Four level IV= 4! Orders=4X3X2X1=24 orders! Divide subjects into 1/24th! • For an IV with >3 levels, can use a “Latin Square” • Latin Square: an arrangement of symbols in rows and columns such that each symbol occurs only once in each row and each column
Latin Square Example for a 4-level IV Each letter occurs once and only once in each column and each row. ¼ of subjects assigned to each “order” (row) ACBD DACB BDAC CBDA
NOT a Latin Square!!!! ACBD DBAC CDBA BADC
How to use a Latin Square • Three level IV: Levels= A, B, C • Equal # of subjects for each order (row). • ACB (1/3 of subjects)BAC (1/3 of subjects)CBA (1/3 of subjects) • Each letter occurs only once in each row=each subject experiences each condition only once. • Each letter occurs only once in each column= balances order effects across levels of IV.
Example of an Incomplete Repeated Measures Design: Effect of exercise on mood (Hansen, Stevens, & Coast, 2001 page 248 pb, page 236 hardback) Four levels of “exercise”, 0 (30 minutes of quiet resting), 10, 20, 30 min exercise on stationary bike. All participants did all levels one time each at one week intervals (over a 4 week period).

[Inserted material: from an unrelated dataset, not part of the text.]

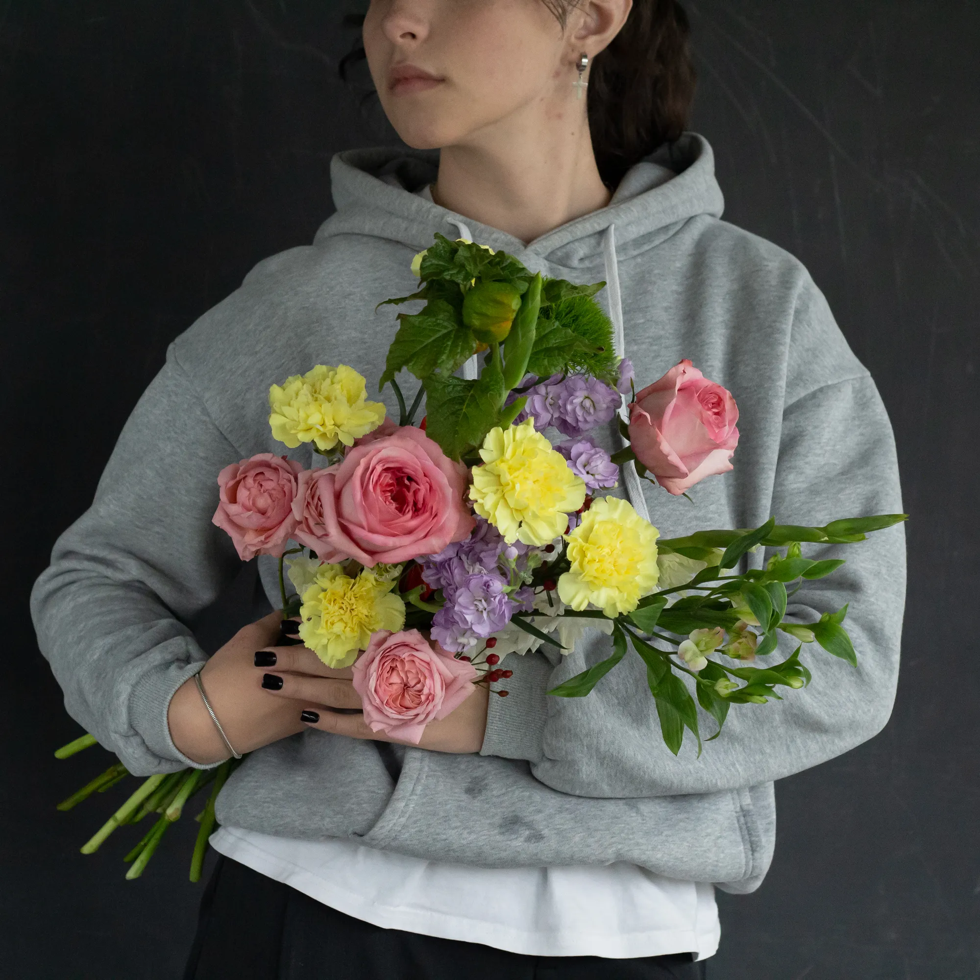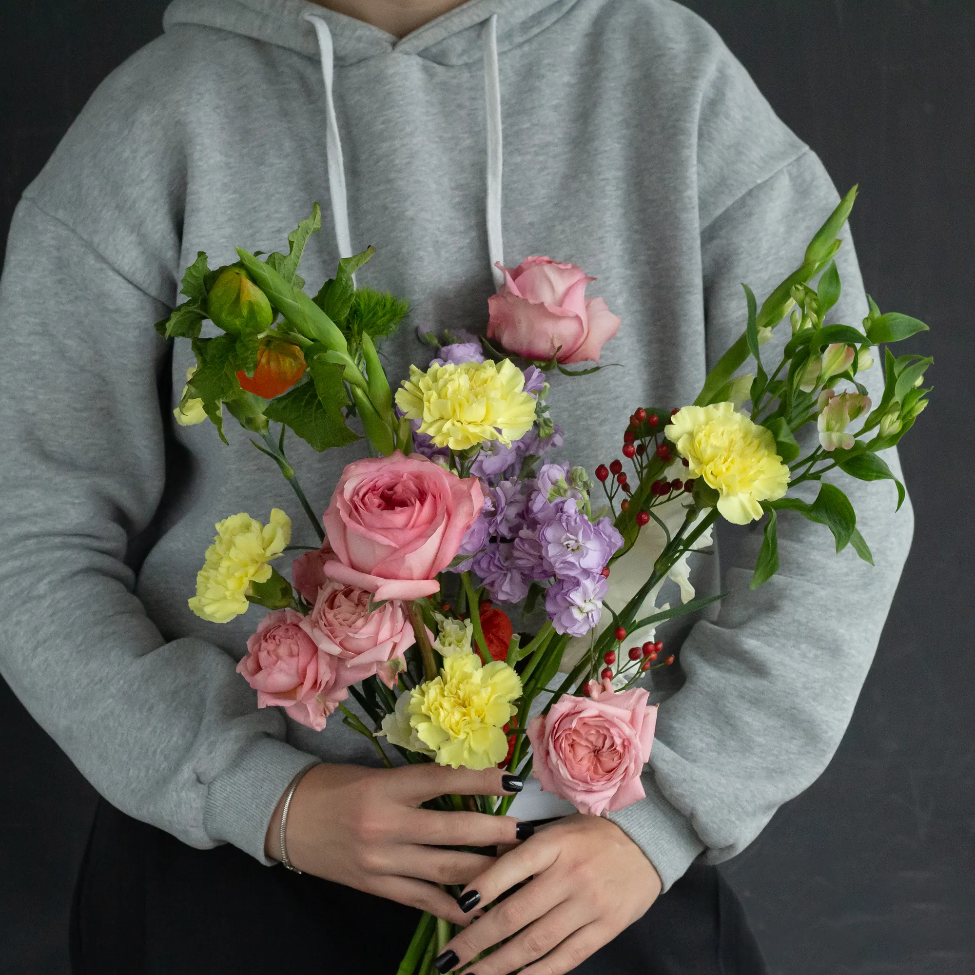 Яркий авторский интерьерный букет с пионовидными розами, гвоздиками, альстромерией и матиолой

Rotation Method of generating a Latin Square • Quick and “dirty”, not the best method • Better method= “Diagram Balanced Latin Square” • Use a random arrangement of symbols for your conditions for your first row. A= 0 min, B=10 min, C=20 min, D=30 min
First Row: BCAD • For next row, put B at far right and slide rest of symbols over one to the left CADB • Now put C at far right and slide rest of symbols one to the left ADBC • For last row, put A at far right and slide rest of symbols one to the left DBCA
A= 0 min, B=10 min, C=20 min, D=30 min BCAD (1/4 subjects) CADB (1/4 subjects) ADBC (1/4 subjects) DBCA (1/4 subjects)

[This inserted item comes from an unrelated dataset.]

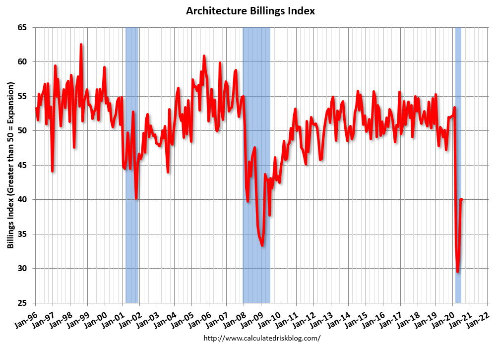 This graph shows the Architecture Billings Index since 1996. The index was at 40.0 in July, unchanged from 40.0 in June.. Anything below 50 indicates contraction in demand for architects’ services.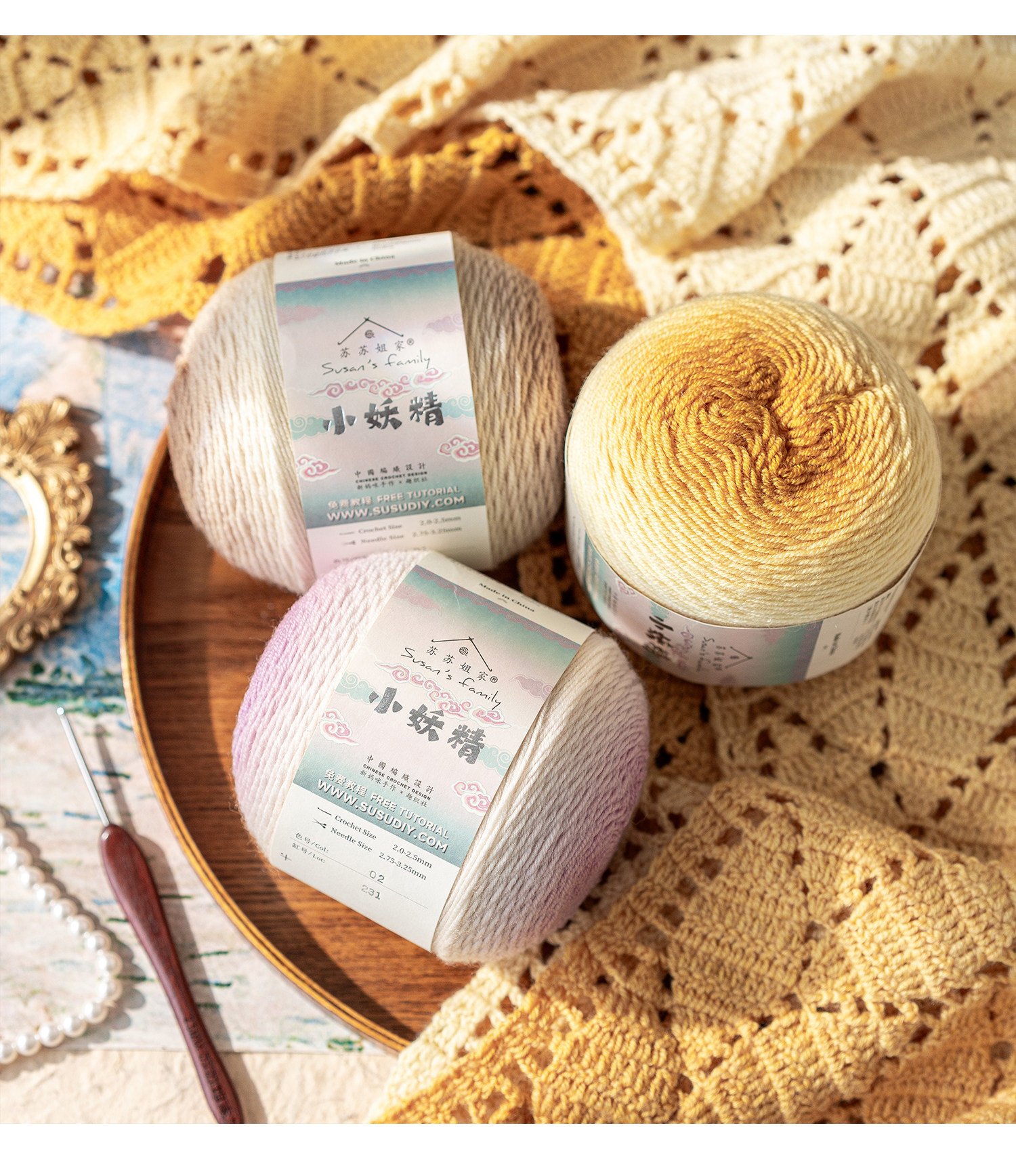 苏苏姐家小妖精长段染羊毛线钩针棒针宝宝毛衣围巾帽子编织毛线团

Complete Repeated Measures Design Definition • The same set of subjects is measured at all levels of the IVbut each subject experiences each level of the IV more than once.
Counterbalancing Complete Repeated Measures Designs: Block Randomization • In block randomization each block involves one occurrence of each level of the IV. The order of the levels in each block is randomly arranged. (hence, “block randomization”)
Generic example of a Block Randomization (4 level IV) • Four level IV: level A, level B, level C, level D. • Suppose we want 6 trials at each level • One block= a random order of the 4 levels (A,B,C,D), for example “BDAC” is one block. • We would need 6 blocks: BDAC DACB BADC CADB ACBD DBCA Each subject would be exposed to all 6 blocks. Each subject would experience each level (A,B,C,D) six times.
Research example of block randomization • Sackheim, Gur and Saucy (1978) (Page 232-233 of text) • Does one side of our face express emotion more intensely than the other?
Set of photos of people expressing emotions • Cut photos in half down middle and created: • Composite photos of two left sides (L) • Composite photos of two right sides (R) • Original photo (O) • One IV (type of photo) with three levels: O, L, R
One IV (type of photo) with three levels: O, L, R • Had different people pose expressing several different emotions (disgust, fear, joy etc) • Each participant viewed 54 photos, 18 O, 18L, and 18 R • Participants rated each photo on a 7-point scale indicating the intensity of the emotion expressed.
Photos ordered by “block randomization” • Each block contains one O, one L, and one R. • There were 18 blocks altogether with O,L, R randomly ordered in each block.
Which do you think showed most intense emotion? Left side(a), Original (b), or Right side (c)?
Findings: Most people judged left-side composite (L) as showing more intense emotion. We may display stronger emotion with the left side of our face. (controlled by right hemisphere of brain).